Zim to establish bond market

via Zim to establish bond market – DailyNews Live 7 August 2015 by John Kachembere

HARARE – Reserve Bank of Zimbabwe (RBZ) governor John Mangudya says the country is ready to establish a bond market.

“The bond market would be an avenue for the intermediation process through the mobilisation of long-term savings and channelling them to the needy productive sectors of the economy,” he said in his mid-term monetary policy statement on Wednesday.

Mangudya noted that a vibrant and liquid bond market will also facilitate the development and deepening of the domestic financial system.

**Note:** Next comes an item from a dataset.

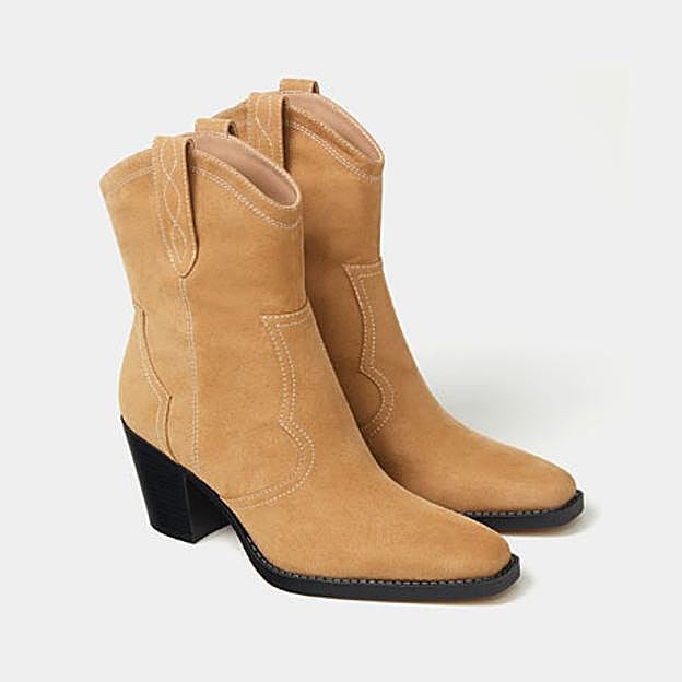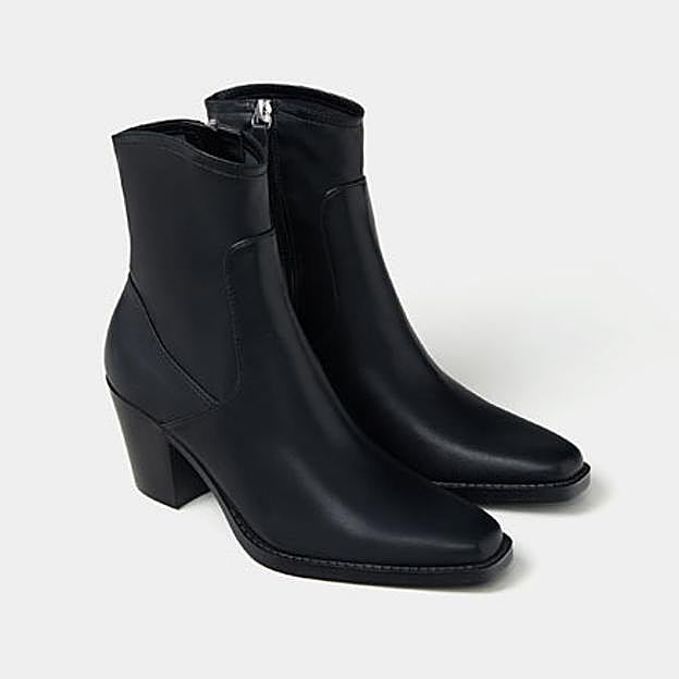 El primero de ellos, es el modelo cowboy. Un diseño en color negro con caña que queda por encima del tobillo y que lleva un tacón medio muy ancho comodísimo. Tiene cierre de cremallera, la puntera ligeramente cuadrada y cuestan tan solo 29,99 euros. ¡No está nada mal!

“Liquidity is critical in the secondary bond market to allow investors to move in and out of their positions without challenges. Once affordable funding has been availed to the productive sectors of the economy, the Reserve Bank expects improvement in capacity utilisation and an increase in exports — a major source of the much needed liquidity,” he added.

This comes as the Zimbabwe Stock Exchange last year indicated that it was working on establishing a bond market in the country.

A bond market involves the issuance and trading of debt securities in a financial market where participants can issue new debt, known as the primary market, or buy and sell debt securities as the secondary market.

This is usually in the form of bonds but it may include notes and bills with the primary goal to provide a mechanism for long-term funding of public and private expenditures.

In mature markets the bond market plays a critical role in the mobilisation of long-term financing for government, quasi-government and the private sector needs.

Market experts say in the wake of serious liquidity constraints facing the productive sectors of the economy due to the short-term nature of bank loans, the bond market can play a significant role in availing long-term for development of the economy.

“Due to high levels of nonperforming loans, banks have increasingly reduced their lending to the productive sectors with most of them focusing on individual salary-based consumptive lending. It is against this background that the bond market has a major role to play to fill the financing gap,” said Mangudya.

The major participants in the bond market include local institutional investors such as pension funds and insurance companies, and foreign investors.

The productive sectors of the economy require long-term funding to replace antiquated and obsolete machinery and employ modern cost-effective production techniques that enhance production and product competitiveness.